Honestly, it doesn't get much worse than in the poodle ring. My breeder is now strictly a UKC breeder and even had written into my agreement that I only show UKC conformation - that was years of showing in AKC. His dogs are all AKC/UKC registered and they come from AKC champions, but he doesn't want anything to do with that poodle-ring politics.


----------



## Kela (Aug 12, 2008)

Thank you for the info! I've heard that there are lots of "politics" in the show ring, especially surrounding poodles so that does make me nervous. I've always wanted to give it a shot though and figure that now is as good of a time as any! 

I did go ahead and give my puppy a preliminary cut, assuming that I won't be trying my first show until later in the year. 
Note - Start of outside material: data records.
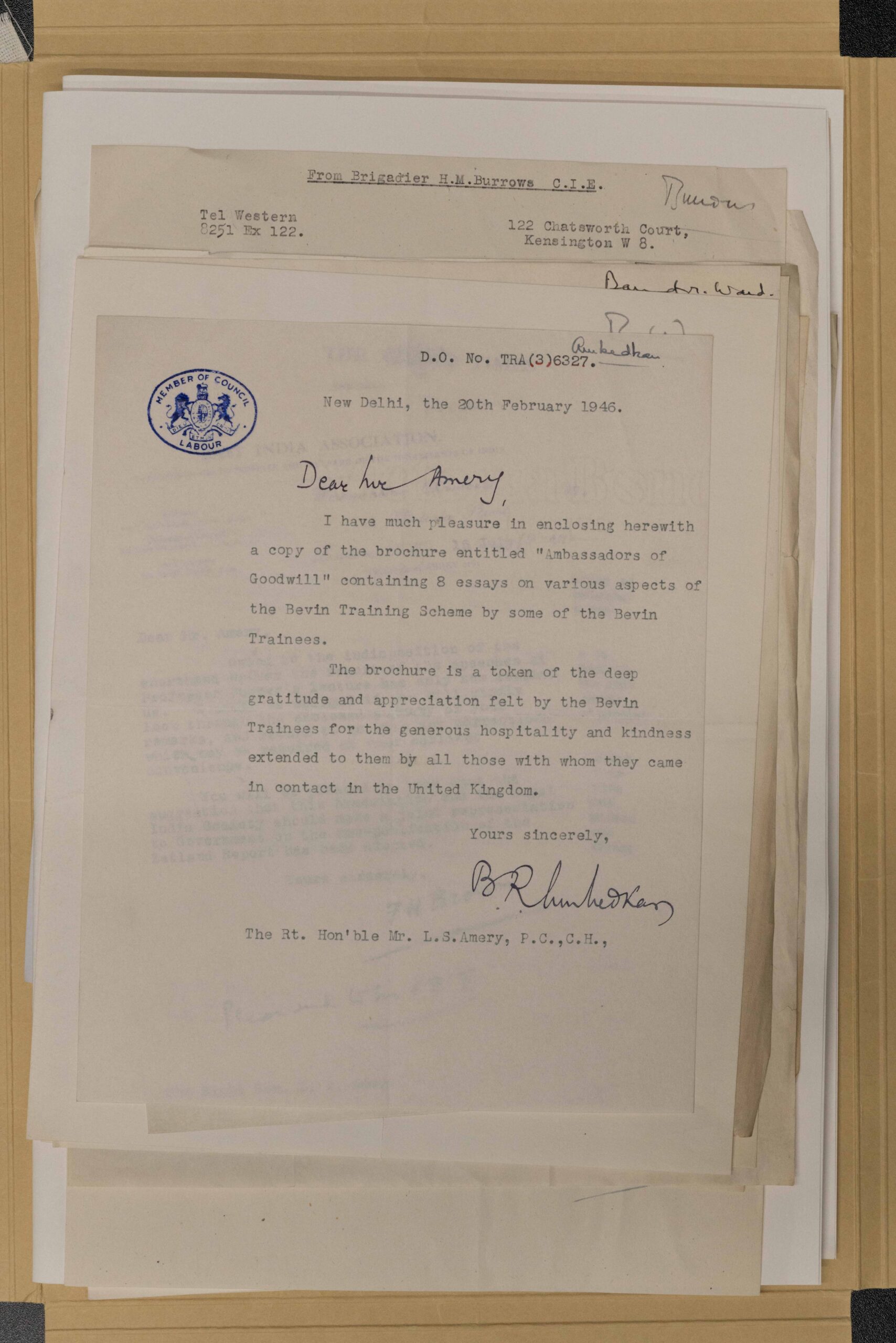 The first batch of 50, chosen from over 200 applicants, so-called Bevin Boys sailed from Bombay in February 1941. They were chosen carefully from each province that was allocated a certain quota. The scheme was to keep them in training for about six months, while living with the local working-class families. Dr Ambedkar’s associate P. S. Bakhale, from Bombay Textile Labour Union, was the head of the Tribunal overseeing the sending of the Bevin Boys[15]. Starting in 1942, Dr Ambedkar, as Labour Minister, answered several Parliamentary queries regarding the status of employment of the Bevin Boys[16]. In April 1945, in an address to the chairman of the Tribunal at Shimla, Dr Ambedkar appreciated the help that Bevin Scheme would provide for the future of India, but urged them that “if the country’s industrial expansion is to assume proportions which are being generally visualised there is need not only for the skilled workers but for qualified higher grade technicians and for men capable of undertaking the direction and management of industry.”[17] In total about 900 or so young Indian men received training in the UK under the scheme. In my search through the archives, to piece this information together, I also came across a letter of appreciation written by Dr Ambedkar in February 1946 to the then Secretary of State for India Mr Amery (see below).
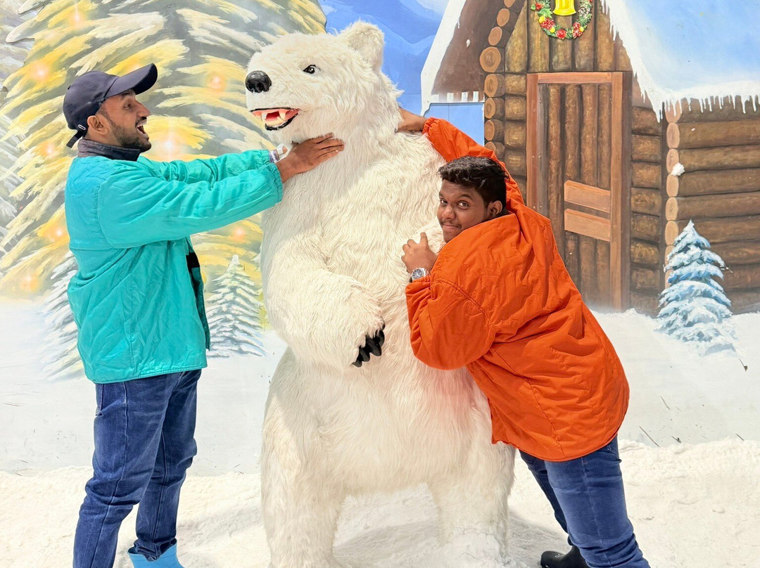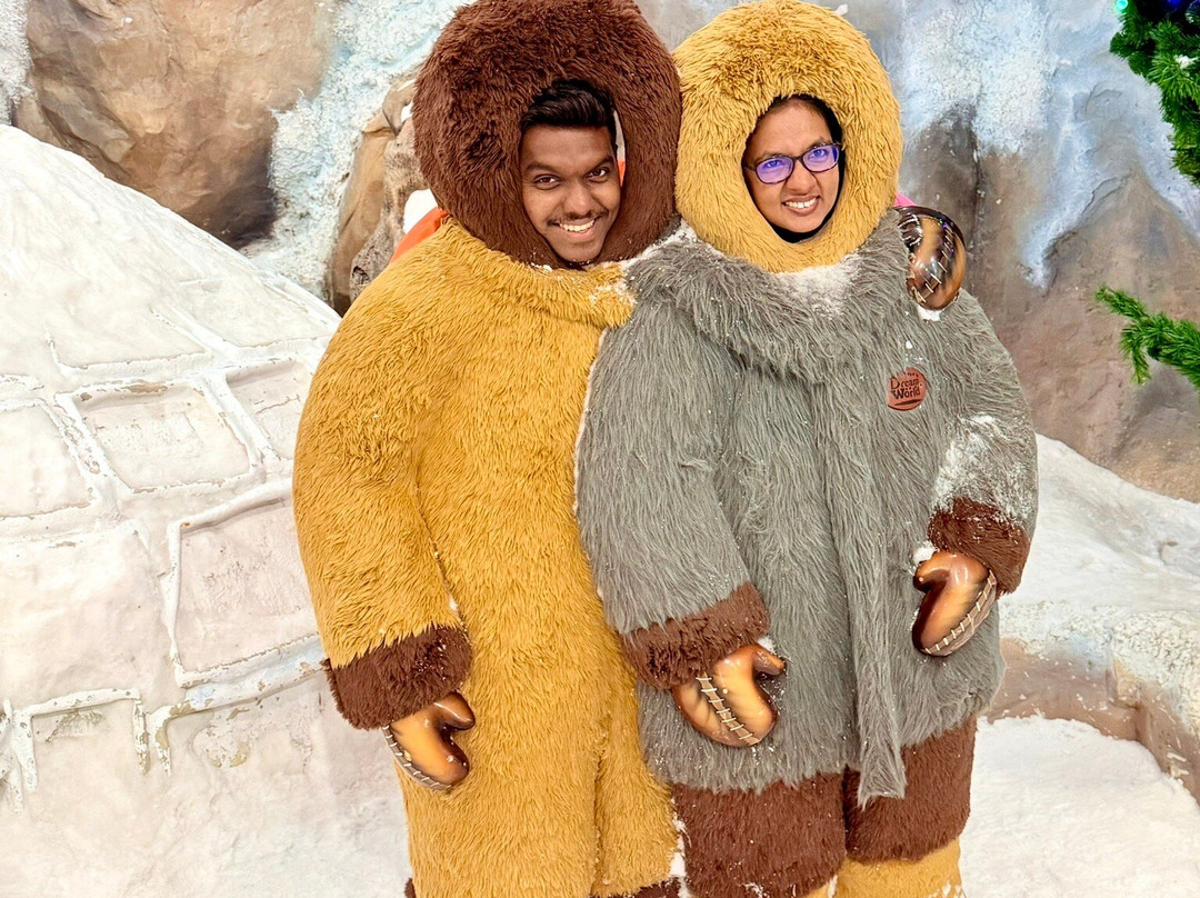 亮点之一是雪城❄️——这是我们第一次体验雪景!完全不用排队,而且进去之前工作人员还给我们提供了外套和靴子。里面冷得要命,我们玩得很开心,堆雪人、接飘落的雪花,在美丽的雪景里拍照。📸
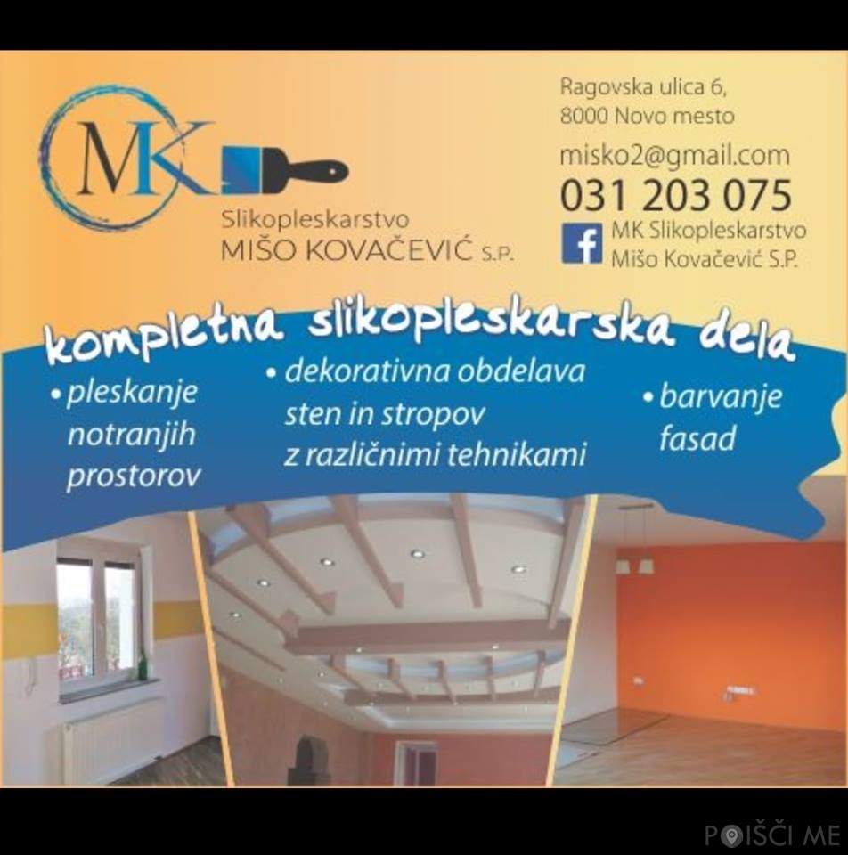 V podjetju MK SLIKOPLESKARSTVO, pleskarska dela, Mišo Kovačević s.p. Novo mesto vam že dolga leta nudimo storitve na področju slikopleskarstva, in sicer belimo stanovanjske, poslovne in industrijske objekte, pleskamo lesene in kovinske konstrukcije ter stavbno pohištvo.
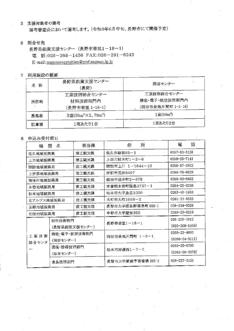 長野県は、長野市・岡谷市・松本市に「創業支援センター」を設置し、工業技術総合センターの職員による技術相談や施設利用など創業者が行なう研究開発や企業経営に対して必要な支援を行ない、企業の自立化促進を図っています。
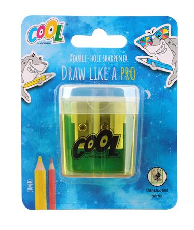 -kétlyukú, két különböző ceruzavastagsághoz is használható (normál, jumbo)-műanyag test-fém pengével-könnyen üríthető tartállyal-vegyes színekben, a szín nem választhatóGyártó/első EU forgalmazó elérhetősége: Corwell Kft2120 Dunakeszi, Pallag utca [email protected]://victoriaoffice.euermekek/cool-by-victoria
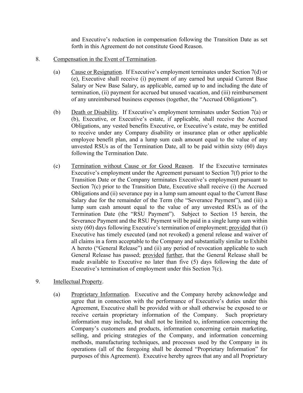 and Executive’s reduction in compensation following the Transition Date as set forth in this Agreement do not constitute Good Reason. 8. Compensation in the Event of Termination. (a) Cause or Resignation. If Executive’s employment terminates under Section 7(d) or (e), Executive shall receive (i) payment of any earned but unpaid Current Base Salary or New Base Salary, as applicable, earned up to and including the date of termination, (ii) payment for accrued but unused vacation, and (iii) reimbursement of any unreimbursed business expenses (together, the “Accrued Obligations”). (b) Death or Disability. If Executive’s employment terminates under Section 7(a) or (b), Executive, or Executive’s estate, if applicable, shall receive the Accrued Obligations, any vested benefits Executive, or Executive’s estate, may be entitled to receive under any Company disability or insurance plan or other applicable employee benefit plan, and a lump sum cash amount equal to the value of any unvested RSUs as of the Termination Date, all to be paid within sixty (60) days following the Termination Date. (c) Termination without Cause or for Good Reason. If the Executive terminates Executive’s employment under the Agreement pursuant to Section 7(f) prior to the Transition Date or the Company terminates Executive’s employment pursuant to Section 7(c) prior to the Transition Date, Executive shall receive (i) the Accrued Obligations and (ii) severance pay in a lump sum amount equal to the Current Base Salary due for the remainder of the Term (the “Severance Payment”), and (iii) a lump sum cash amount equal to the value of any unvested RSUs as of the Termination Date (the “RSU Payment”). Subject to Section 15 herein, the Severance Payment and the RSU Payment will be paid in a single lump sum within sixty (60) days following Executive’s termination of employment; provided that (i) Executive has timely executed (and not revoked) a general release and waiver of all claims in a form acceptable to the Company and substantially similar to Exhibit A hereto (“General Release”) and (ii) any period of revocation applicable to such General Release has passed; provided further, that the General Release shall be made available to Executive no later than five (5) days following the date of Executive’s termination of employment under this Section 7(c). 9. Intellectual Property. (a) Proprietary Information. Executive and the Company hereby acknowledge and agree that in connection with the performance of Executive’s duties under this Agreement, Executive shall be provided with or shall otherwise be exposed to or receive certain proprietary information of the Company. Such proprietary information may include, but shall not be limited to, information concerning the Company’s customers and products, information concerning certain marketing, selling, and pricing strategies of the Company, and information concerning methods, manufacturing techniques, and processes used by the Company in its operations (all of the foregoing shall be deemed “Proprietary Information” for purposes of this Agreement). Executive hereby agrees that any and all Proprietary
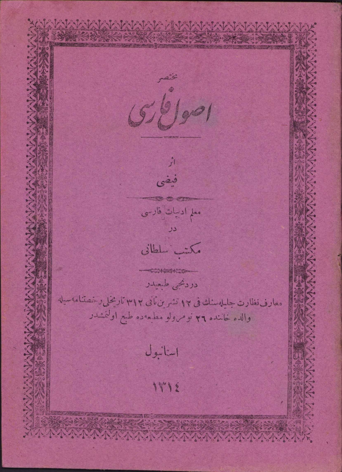 Osmanlıca Osmanlıca Muhtasar Usul-i Farisi, Muallim Feyzi, dördüncü baskı, Mehdi Efendi Matbaası, İstanbul, 1314, 45 sayfa, 13x19 cm, ÖZEGE; 14296
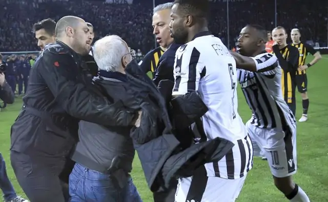 Напомним, что скандал разгорелся во время матча ПАОКа против АЕКа. Арбитр не засчитал ПАОКу решающий гол, усмотрев офсайд. Такой расклад не устроил Ивана Саввиди, возглавляющего клуб, и он лично вышел на поле, чтобы выяснить отношения. По словам ведущего радиостанции Marco Маноло Хименеса, Саввиди угрожал арбитру и представителю клуба соперников, а за спиной у него виднелась кобура с пистолетом. Решать проблему пришлось охранникам стадиона.
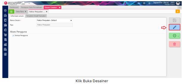 2. Pilih desain cetakan tersebut, dan klik tombol Buka Desainer (icon Pensil).
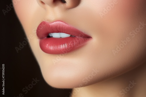 © Adobe Contributor, Fototapeta premium Close up of woman's lips with pink lipstick
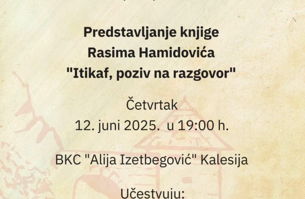 U okviru kulturno – vjerske manifestacije XXII Dani Hasana Kaimije večeras će u Bosanskom kulturnom centru “Alija Izetbegović” u Kalesiji sa početkom u 19:00 sati biti upriličena promocija kalesijskog imama Rasima Hamidovića “Itikaf, poziv na razgovor”.
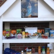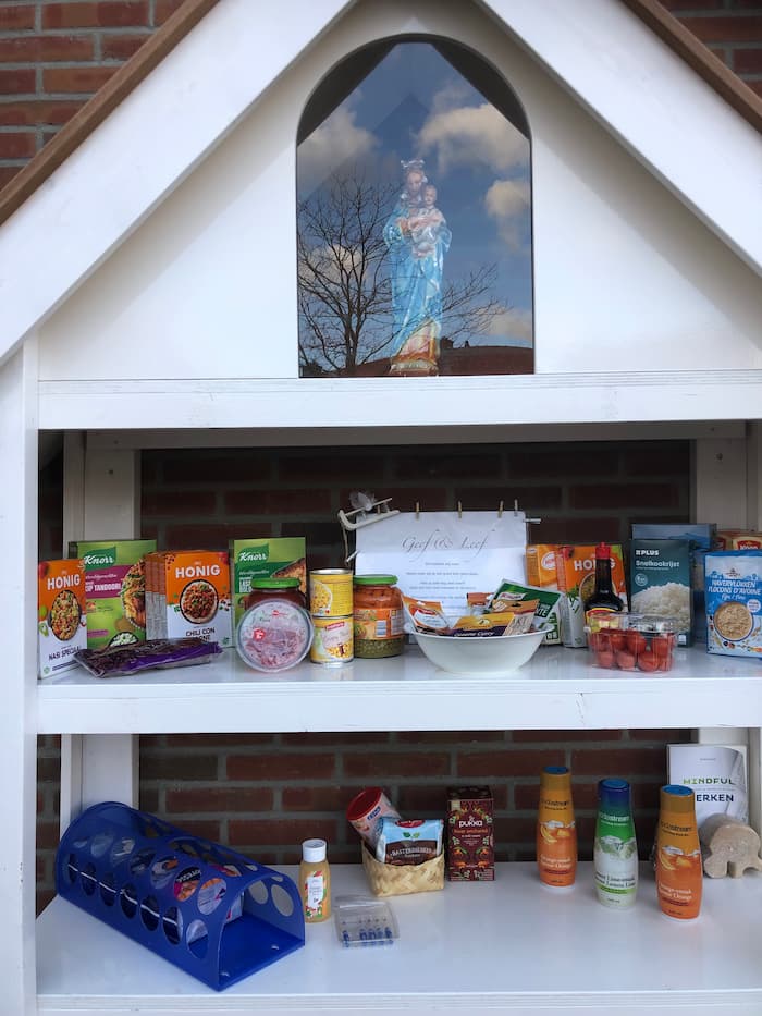 Maria, als symbool van de voedende moeder. Althans voor mij want ik ben niet religieus en ook zo min mogelijk spiritueel maar ik geloof wel in eten en drinken voor iedereen. Daarom deel ik via deze kast wat ik over heb en het leuke is dat dit heel goed aanslaat in mijn diverse arbeiderswijk in het Gooise Bussum. Er wordt enorm veel geruild en gebruikt. Samen komen we de winter zo door en delen we met elkaar.

I know, we have lots of work to do! Still have the puppy wispy hairs and some more shaping to do. I think I need to shorten the jacket a little bit, but I may just have a pro go in and clean it up. I'm going to try and get someone who will clip the coat and coach me on it as well. I've groomed my own dogs always but I still need more practice especially if I'm going to show them.


----------



## SECRETO (Aug 20, 2008)

I your dog looks great for just learning the cut. I have to say that when I did my 1st cont clip a few months ago I thought the coat was a little long. Biggest mistake I made ! lol Then I had to look at him looking goofy until it grew back and Im still waiting....it's almost there. Your dog's cut looks really nice.

I have to ask about the rosettes. I left rosettes off my boy but now I want to add them. Is there a special technique or just free hand ?


----------



## Kela (Aug 12, 2008)

I learned a trick for doing pom poms on the ankles, you brush all the hair straight up and then grab the pom pom holding the hair up, and you trim in a circle around the top. This makes it really rounded.

I used that trick on the pom poms (since I didn't know what I was doing) and I just kept brushing the hair straight up, and I'd trim off a moon shape at the top. Then I'd brush straight down, and trim off a moon shape at the bottom...and just kept doing that all the way around in a circle. That made it nice and round.

I heard a trick on another forum...place a glass over the hair that you want to keep..and then use the clippers around it, lol. Still have to trim the hair thats left into a ball though but that could help get the circles in the right place!


----------